Ведьмина гребенка, которая дала ему жизнь, была чахлым и замученным деревом, выросшим на самом краю глубокого оврага. В один из дождливых кругов сильные ливни размыли склон, и половина корней ведьминой гребенки осталась висеть в воздухе. Деревце было молодым, оно приспособилось. Только вот навсегда стало кривым и корявым, да и размерами не вышло – не на что ему было расти, все силы уходили на то, чтобы выжить.
Как ни цеплялось за жизнь упрямое дерево, настал и ему черед стать пеньком. И пенек из него, понятное дело, получился маленький, кривой и корявый. Никому из корневиков и на ум не взбрело, что он может ожить.

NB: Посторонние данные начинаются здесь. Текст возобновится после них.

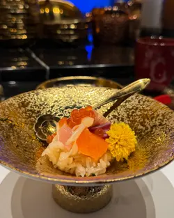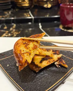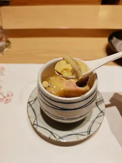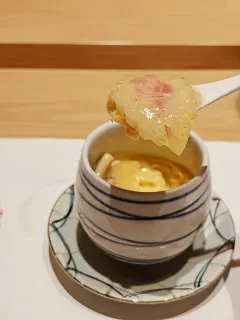 放工約左朋友去試瀧宴鐵板燒😆,係北京道1號8樓,平時應該會睇到煙花🎆我哋揀左瀧宴宫崎和牛龍蝦套餐(HK$980),有牛有海鮮,一次過滿足晒兩個願望😚❣️👉🏻前菜🥗前菜有三款,味道清甜~👉🏻季節刺身🐠店員上菜時有提醒刺身進食的次序,由赤蝦、油甘魚,再到吞拿魚,十分細心,刺身也十分新鮮。👉🏻蓋物🍣角切迷你丼飯,刺身口感豐富,配上壽司飯及加了芝麻點綴,味道更有層次。👉🏻海鮮茶碗蒸茶碗蒸加了🦀蟹肉芡汁烹調,鮮甜有蟹味,燉蛋滑溜,吃完刺身壽司可以暖暖胃❣️。👉🏻大蜆清湯🦪蜆湯簡單清甜,蜆肉沒有沙👍🏻。👉🏻汁煮愛媛縣鰤魚鮫🐟鰤魚鮫煮得入味,醬汁味道適中,不會蓋過食材的味道。👉🏻南非鮑魚師傅刀功精細,把鮑魚切成薄片,鮑魚邊口感偏軟,中間部位較有質感,每一片也沾滿了醬汁🥰。👉🏻野生生猛龍蝦龍蝦爽口鮮甜,配上用了龍蝦膏及牛油特製的醬汁🧈,香口惹味🤤。👉🏻日本宮崎和牛🐮和牛選了3成熟,雖然份量只有三件,不過咬下肉質十分嫩滑😳,油脂感很強,只有三件也很滿足呢🥩。個人比較喜歡配海鹽,簡單調出和牛的香味,配蒜片味道會較濃烈。👉🏻煙肉香蒜炒飯 & 炒什菜炒飯很有火侯,軟硬適中,加入了煙肉及香蒜,配上燶邊蛋,整個套餐份量很足夠🍚!最後吃炒菜,感覺濕潤及中和鐵板燒的油膩感。亦可以配上餐廳的特製醬料。👉🏻抹茶紅豆布甸吃甜品時,師傅還請了我們吃蒜蓉多士,多士煎得超級香脆,陣陣蒜香味十分濃烈,好邪惡啊😈😈多謝師傅!當晚鐵板燒師傅十分親切👨🏻🍳,不時也會問我們菜式是否啱口味。而且他們和客人打成一片,談天說地,看起來大家也很享受當晚的氛圍。小編覺得吃鐵板燒,除左係欣賞食物的味道,整個體驗也很重要,覺得瀧宴依方面做得好好👍🏻。餐廳對着維港,如果煙花匯演嘅時候嚟真係幾正🎇!不過唔知會唔會加價呢~…查看更多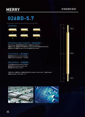 Shenzhen Merry Precise Electronic Co., Ltd. is a professional manufacturer based in Shenzhen, China, specializing in the design, development, and production of high-precision test probes and connectors. Established in 2010, the company operates a dedicated factory equipped with advanced precision machine tools and testing equipment imported from Switzerland and Japan. With a workforce of approximately 100 employees and a monthly production capacity of 2 million units, the company serves as a key supplier for the semiconductor, PCB, and ICT industries. Their extensive product portfolio includes semiconductor test probes, ICT and FCT testing probes, spring test probes, Pogo Pin connectors, high-frequency RF probes, and semiconductor packaging testing probes. Additionally, the company provides customized probe solutions, jig consumables, and PCB transplant processing services. Their manufacturing capabilities are supported by an in-house R&D team and experienced technicians with up to 20 years of industry expertise, focusing on high-density probe technology and precision engineering. Shenzhen Merry Precise Electronic Co., Ltd. operates with a strong emphasis on quality control and innovation, holding over 30 patents and a national trademark registration. As an export-oriented manufacturer, they offer OEM and ODM services to a global clientele, including major international brands such as Samsung Electronics. Their products are widely utilized across diverse sectors, including electronics manufacturing, medical equipment, automotive electrical systems, and industrial machinery.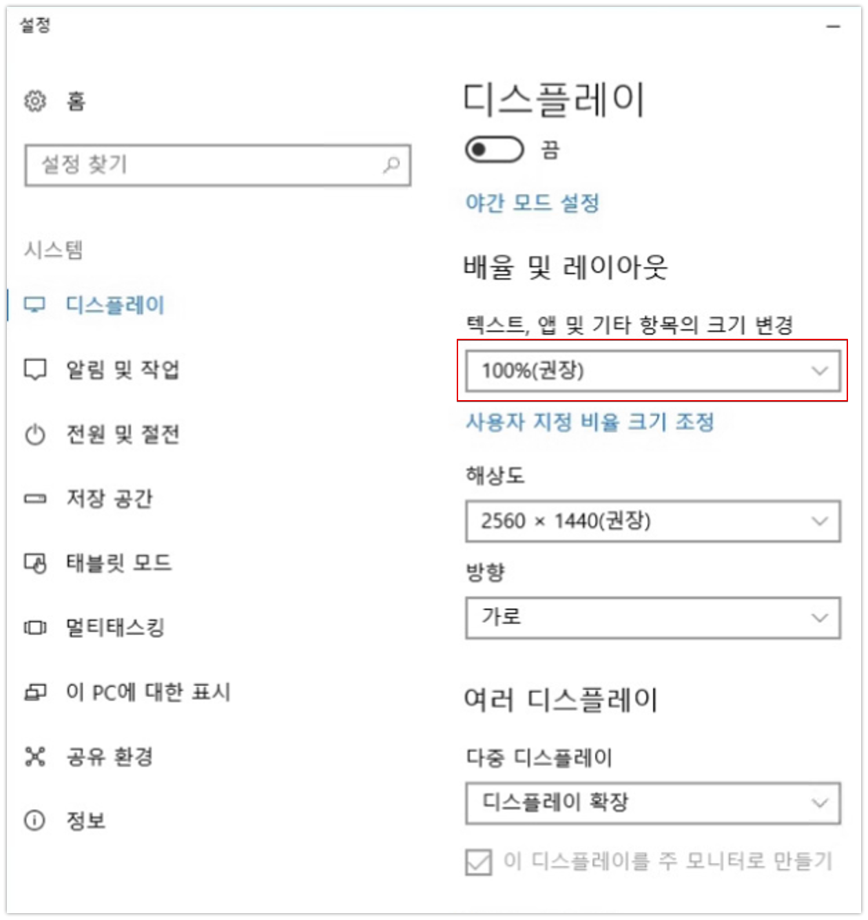 설정-시스템-디스플레이 화면을 보면 화면 배울을 조절할 수 있다. 기존 배율에서 다른 배율을 순회해서 원래 배율로 돌리면 된다. Ex) 125% > 100% > 125%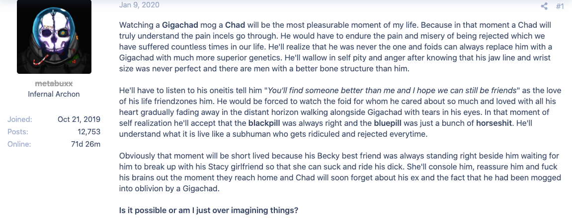 But the obsession with ranking looks and status leads to more and more microscopic demarcations. A seasoned poster will create multiple subclasses of Chad within the category, from the lower-tier “Chadlite” up to the GigaChad, an apex predator who theoretically functions as a check on the sexual opportunities of regular Chads. “Watching a Gigachad mog [i.e., outperform] a Chad will be the most pleasurable moment of my life,” wrote an incels.co user last year, as “in that moment a Chad will truly understand the pain incels go through.”

Вот так и вышло, что Корняга пробудился к жизни в полном одиночестве.
На этом месте мой проводник замолчал. Я не успела спросить, в чем дело, как он просительно проскрипел:
– Воды дай, а? В горле пересохло.
Я чуть не поперхнулась от неожиданности. Все-таки удивительная тварь этот Корняга. Джерх его знает, чего от него ждать. В горле у него, видите ли, пересохло!
Я прижала поводья локтем к боку, отстегнула от пояса флягу с водой и, не глядя, сунула ее за плечо:
– Держи!
За плечом забулькало – да так азартно, что я не выдержала и поинтересовалась:
– Может, ты и пиво пьешь?
– А есть пиво? – тотчас отозвался Корняга.
– Нету, – сурово сказала я. – И кто тебя в лесу пиво пить научил?
– Люди, – скрипуче вздохнул Корняга, перебираясь через мое плечо, чтобы вернуть флягу. Фляга изрядно полегчала, а вот в Корняге веса почему-то совсем не прибавилось. Интересно, с какими это людьми он в лесу компанию водил?
Я и себе сделала пару глотков из фляги, прежде чем вернуть ее на место. Четтан уже поднялся высоко, и в лесу становилось жарко. Скоро пора будет останавливаться на привал.
– Есть тут поблизости такое место, чтобы вода и отдохнуть спокойно? – спросила я.
– Есть, – скрипнул Корняга из-за плеча. – Озеро. Слезой Великана прозывается. Правее держи.
Ветер охотно принял вправо – может, уловил идею отдохнуть и напиться. А вот вулха что-то не было видно.
– Хэй, вулх! – крикнула я. – Направо, к озеру!
Лесное озеро – это хорошо. В озере можно не только напиться, в озере можно еще и искупаться. Если никто не помешает…
– Чего замолчал? – бросила я через плечо. – Рассказывай.
Однажды в дождливый и промозглый синий день Корняга впервые открыл глаза. Он увидел овраг, по дну которого струился ручей, полускрытый грудами опавших листьев. Он увидел мокрые деревья и хмурое небо. Он почувствовал холодные капли дождя на своей коре и понял, что пришел в мир, но мир ему не рад.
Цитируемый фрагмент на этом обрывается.